I tried to explain all of this and was met with hostility and vague threats ( in his mind) that he wouldn’t see me when he got out. I calmly said that if he doesn’t want to follow my requests then that is up to him. Threats of moving back to where he comes from, which equates to relapse, but where as before I would have been trying to pacify and beg him not to I just quietly said do what you think is right for you. So reader I sometimes think I am stuck, that I haven’t learnt anything….mainly because I suppose I haven’t had to put it into practice – until now – but now I can feel good about it, I have learnt I have put it into practice, if he chooses not to live a clean life that is just that his choice. I don’t feel bad, I don’t feel sorry, I don’t feel as though I am making unreasonable demands, I am certainly not trying to control anything but my self. If he relapsed it wouldn’t stop me from caring about him, it’s an illness a disease, that can’t be cured. There are things he can do to keep it in remission but that’s for him to do. Not me!
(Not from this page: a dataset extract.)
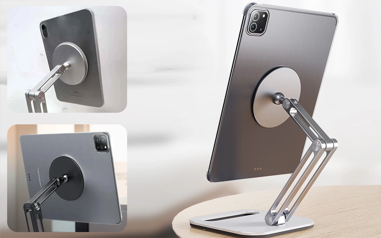 Ortorex houder houdt schermen stabiel, voorkomt vallen en maakt je handen vrij. Het metalen frame ondersteunt veel merken en maten. Het slanke ontwerp past netjes op elke tafel of werkbureau.
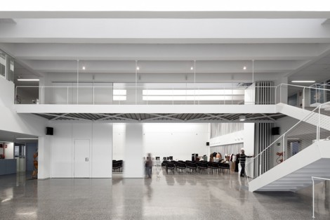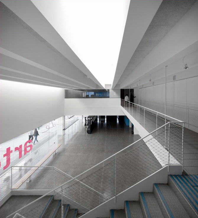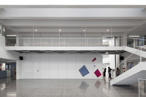 Al entrar se percibe una gran amplitud visual, el vestíbulo se duplica eventualmente con el salón de actos mediante una pared móvil, y una doble altura genera una relación fluida entre plantas. Los distintos talleres dejan ver la actividad que en ellos se realiza mediante mamparas acristaladas, de tal manera que los alumnos conozcan lo que sucede en todos ellos, y no solo en su especialidad. Como en el taller de un artista, se advierte una atmósfera especial. Todo el edificio está impregnado del carácter propio de los espacios de creación. La escuela será lo que su “comunidad” de usuarios quiera que sea. Es un papel “en blanco”, abierto a la creatividad de los alumnos y profesores.

For an addict relapse is part of life. It can take many attempts before it is successful, be it drugs,alcohol, cigarettes, other people’s lives, we all relapse. It doesn’t make us bad people, sometimes the addiction makes us do bad things to supplement the habit. Take a child for example, they are not born bad. They might be born into a bad situation with parents that don’t have the skills to bring them up as a rounded human being but fundamentally the child is not bad. Things happen they look for an escape, other bad things happen, and so it goes on the feeling of worthlessness, with every bad thing that happens a reenforcement that they are worthless. That is a hard cycle to break. I am sure many of you identify! If you don’t then you are lucky. So I think what I am trying to say is it’s not for me to sit in judgement if relapse happens, it doesn’t mean you have failed, it doesn’t mean you are a bad person, but sometimes those that love you have to protect themselves too. We are not trying to control anyone but ourselves.
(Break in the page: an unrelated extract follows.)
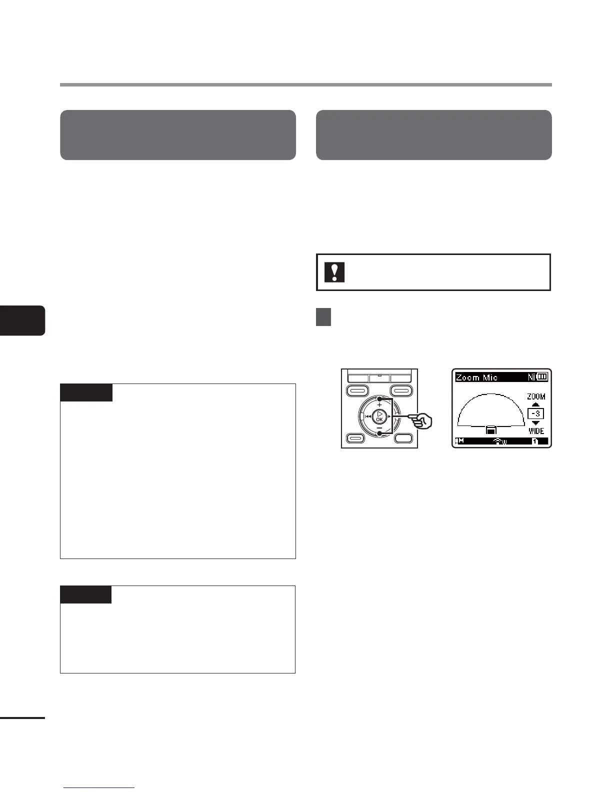 Olympus WS-823 - Setting the Recording Mode [Rec Mode]; Selecting Microphone Directivity [Zoom MIC]

I have to keep on forgiving because if I dont I waste energy on things I have no control over. What I struggle with is if forgiveness can become enabling? By allowing someone to behave in a way I find hurtful will there be an end to that behaviour? Even though I know that it’s not diliberate hurt, it’s just the nature of the relationship we have ( or don’t have). I know our wants are very different. I know the drugs make him behave in a way that is not really acceptable to me, and so I forgive. Not to forgive means I fret about what I have or haven’t done, what he has or hasn’t done….let go let God. I don’t think I understood that phrase for as long as I have been part of the fellowship but I think I am now understanding that I can’t take on the responsibility of his actions, I have to give it over to my HIgher power to deal with and do what they think is best. What I need to work out is whether I can have any sort of friendship with him and keep on forgiving him. But more importantly what do I get from this very bizarre situation.